[Records drawn from a dataset]

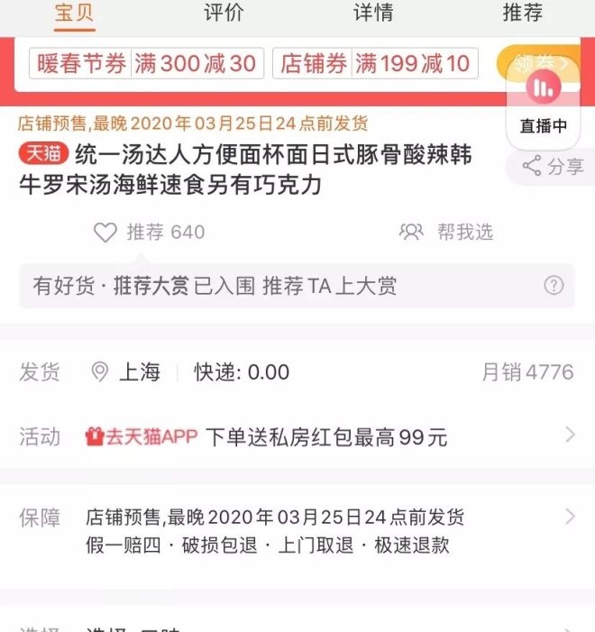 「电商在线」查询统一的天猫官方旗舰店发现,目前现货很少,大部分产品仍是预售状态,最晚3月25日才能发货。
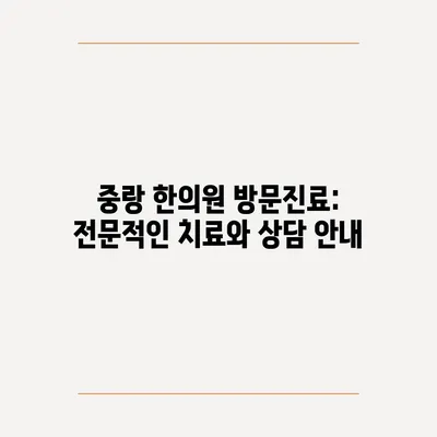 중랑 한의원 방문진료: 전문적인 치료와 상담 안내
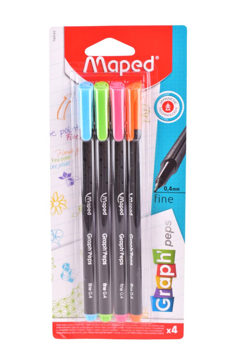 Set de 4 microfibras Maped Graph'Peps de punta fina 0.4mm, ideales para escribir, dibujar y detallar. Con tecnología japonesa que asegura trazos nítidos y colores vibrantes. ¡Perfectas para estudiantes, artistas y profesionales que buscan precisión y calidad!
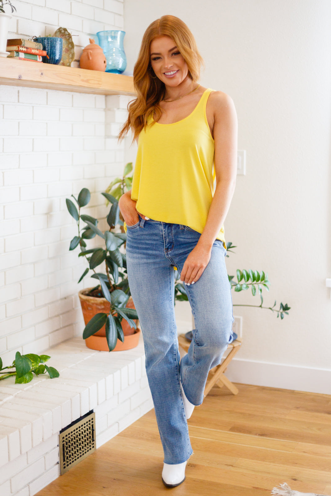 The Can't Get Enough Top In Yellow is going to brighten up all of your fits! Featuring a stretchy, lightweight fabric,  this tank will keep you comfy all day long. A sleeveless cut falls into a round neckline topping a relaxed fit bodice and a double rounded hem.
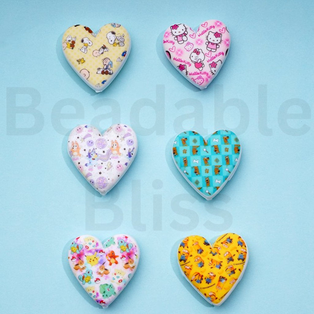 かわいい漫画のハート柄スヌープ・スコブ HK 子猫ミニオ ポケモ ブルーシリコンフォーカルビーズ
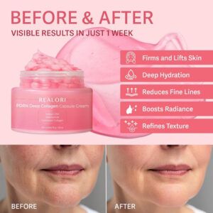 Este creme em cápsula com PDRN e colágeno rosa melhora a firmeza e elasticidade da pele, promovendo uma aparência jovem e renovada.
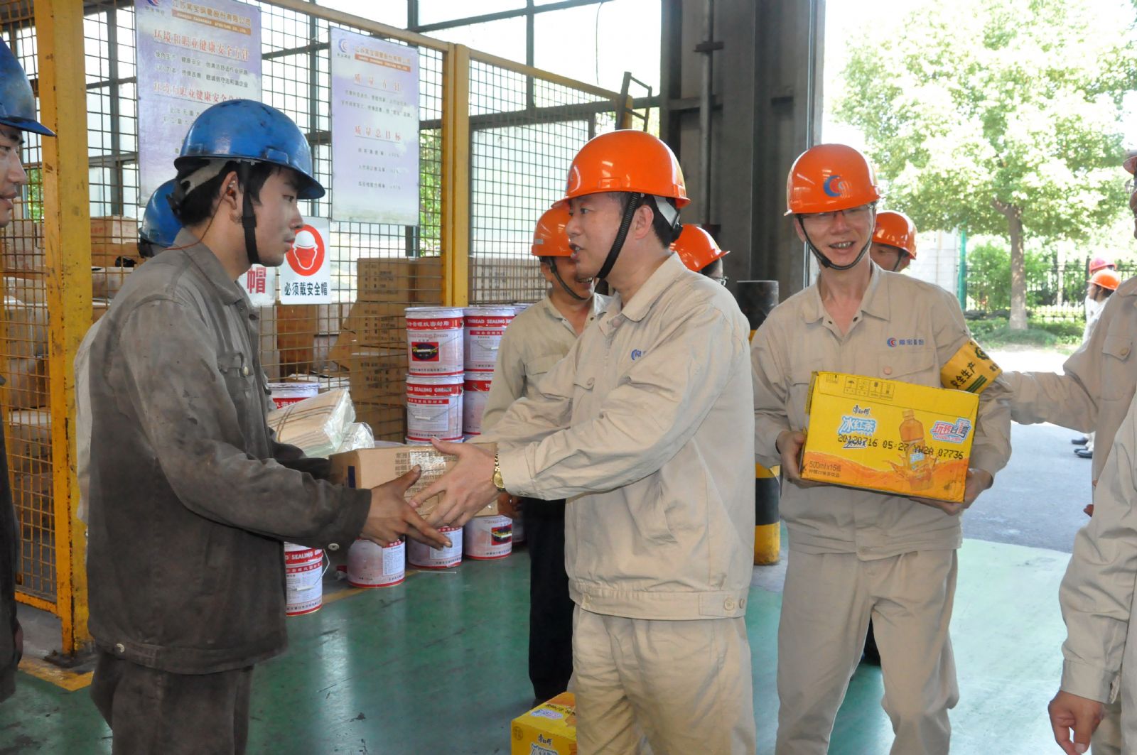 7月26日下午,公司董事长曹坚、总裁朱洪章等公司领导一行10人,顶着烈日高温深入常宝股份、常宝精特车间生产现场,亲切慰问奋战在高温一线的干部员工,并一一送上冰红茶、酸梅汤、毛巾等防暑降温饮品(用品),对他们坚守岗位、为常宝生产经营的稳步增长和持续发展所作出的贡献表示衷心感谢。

> WORK ORDER:
Your answer must be the exact lines of the records from the first one through the line containing "The Can't Get", with no pictures in it.

> PROBLEM SOLUTION:
 「电商在线」查询统一的天猫官方旗舰店发现,目前现货很少,大部分产品仍是预售状态,最晚3月25日才能发货。
 중랑 한의원 방문진료: 전문적인 치료와 상담 안내
 Set de 4 microfibras Maped Graph'Peps de punta fina 0.4mm, ideales para escribir, dibujar y detallar. Con tecnología japonesa que asegura trazos nítidos y colores vibrantes. ¡Perfectas para estudiantes, artistas y profesionales que buscan precisión y calidad!
 The Can't Get Enough Top In Yellow is going to brighten up all of your fits! Featuring a stretchy, lightweight fabric,  this tank will keep you comfy all day long. A sleeveless cut falls into a round neckline topping a relaxed fit bodice and a double rounded hem.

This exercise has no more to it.